_PROBLEM REQUIREMENTS:_
Please set down only the lines below starting with the line with "Borsa morbida donna" and going on through the line with "Các chuyên gia", verbatim and without pictures.

_ENTRIES SHOWN:_
——————————

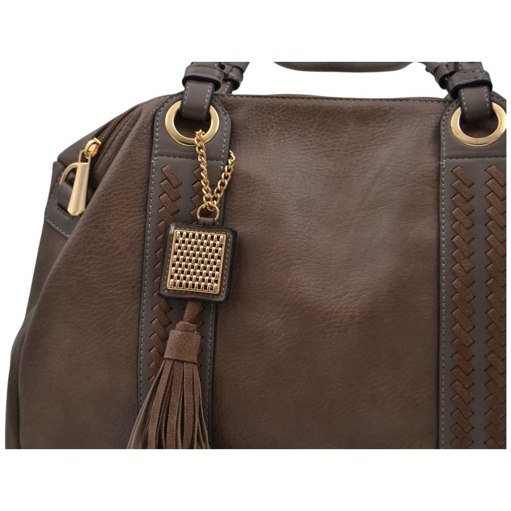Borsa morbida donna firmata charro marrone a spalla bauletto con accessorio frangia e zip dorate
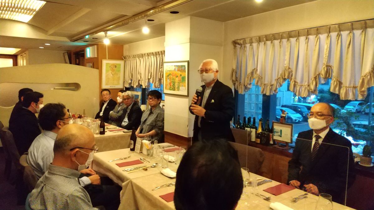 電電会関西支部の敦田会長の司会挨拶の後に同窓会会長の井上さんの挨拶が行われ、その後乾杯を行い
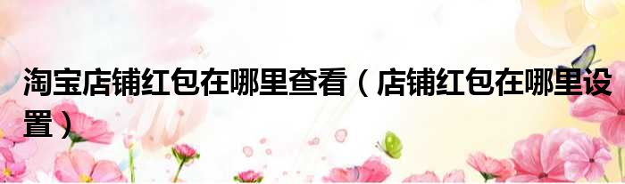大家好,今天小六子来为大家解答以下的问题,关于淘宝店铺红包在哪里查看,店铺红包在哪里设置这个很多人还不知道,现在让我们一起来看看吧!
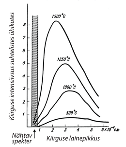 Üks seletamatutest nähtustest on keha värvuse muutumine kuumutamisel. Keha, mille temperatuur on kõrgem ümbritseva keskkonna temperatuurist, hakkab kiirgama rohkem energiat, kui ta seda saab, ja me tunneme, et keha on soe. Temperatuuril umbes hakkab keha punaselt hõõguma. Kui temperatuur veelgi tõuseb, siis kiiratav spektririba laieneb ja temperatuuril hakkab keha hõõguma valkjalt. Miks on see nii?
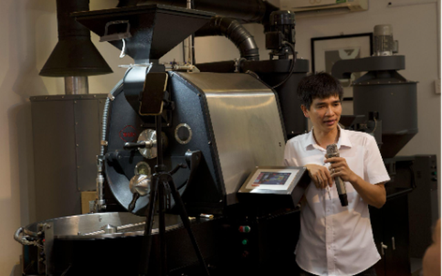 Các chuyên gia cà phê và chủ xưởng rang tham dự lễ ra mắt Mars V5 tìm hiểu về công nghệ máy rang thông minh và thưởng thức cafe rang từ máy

——————————

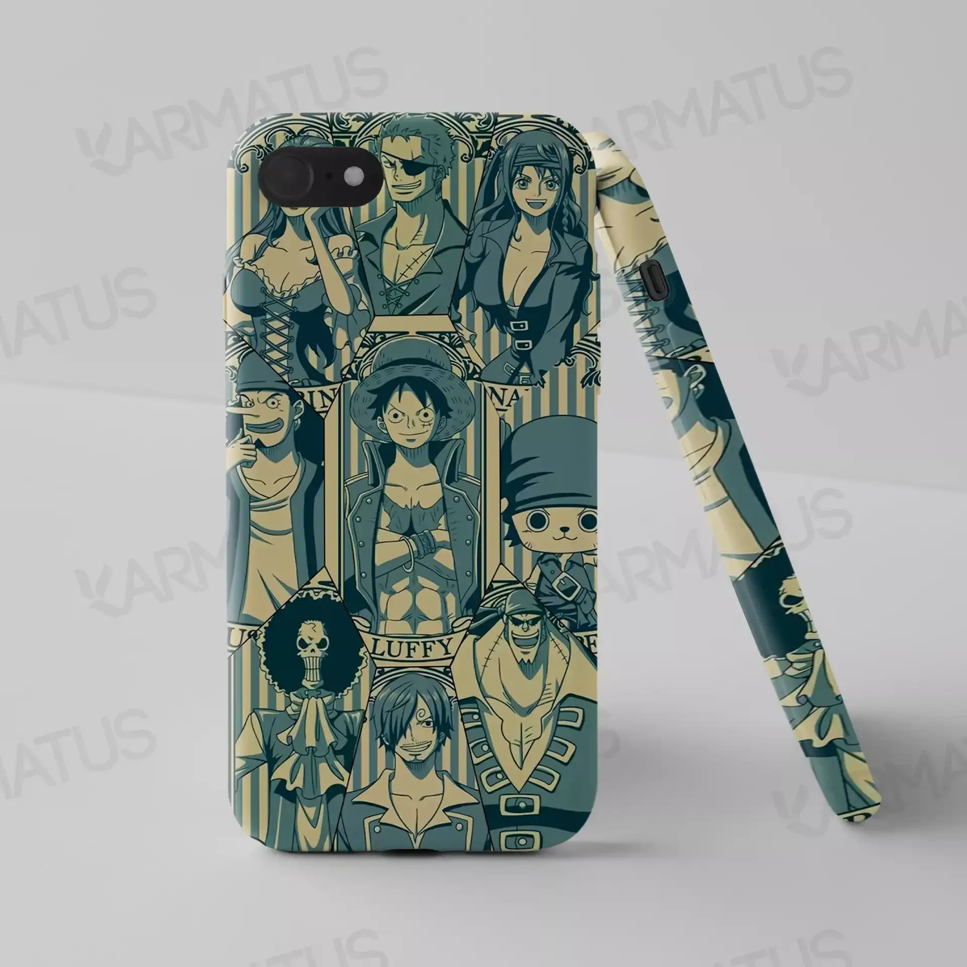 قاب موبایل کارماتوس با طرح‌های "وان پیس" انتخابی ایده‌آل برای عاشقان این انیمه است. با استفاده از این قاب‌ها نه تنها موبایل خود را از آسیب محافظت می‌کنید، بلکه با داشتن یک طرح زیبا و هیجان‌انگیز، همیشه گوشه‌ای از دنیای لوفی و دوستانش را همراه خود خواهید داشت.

——————————

_RESPONSE AREA:_
Borsa morbida donna firmata charro marrone a spalla bauletto con accessorio frangia e zip dorate
 電電会関西支部の敦田会長の司会挨拶の後に同窓会会長の井上さんの挨拶が行われ、その後乾杯を行い
大家好,今天小六子来为大家解答以下的问题,关于淘宝店铺红包在哪里查看,店铺红包在哪里设置这个很多人还不知道,现在让我们一起来看看吧!
 Üks seletamatutest nähtustest on keha värvuse muutumine kuumutamisel. Keha, mille temperatuur on kõrgem ümbritseva keskkonna temperatuurist, hakkab kiirgama rohkem energiat, kui ta seda saab, ja me tunneme, et keha on soe. Temperatuuril umbes hakkab keha punaselt hõõguma. Kui temperatuur veelgi tõuseb, siis kiiratav spektririba laieneb ja temperatuuril hakkab keha hõõguma valkjalt. Miks on see nii?
 Các chuyên gia cà phê và chủ xưởng rang tham dự lễ ra mắt Mars V5 tìm hiểu về công nghệ máy rang thông minh và thưởng thức cafe rang từ máy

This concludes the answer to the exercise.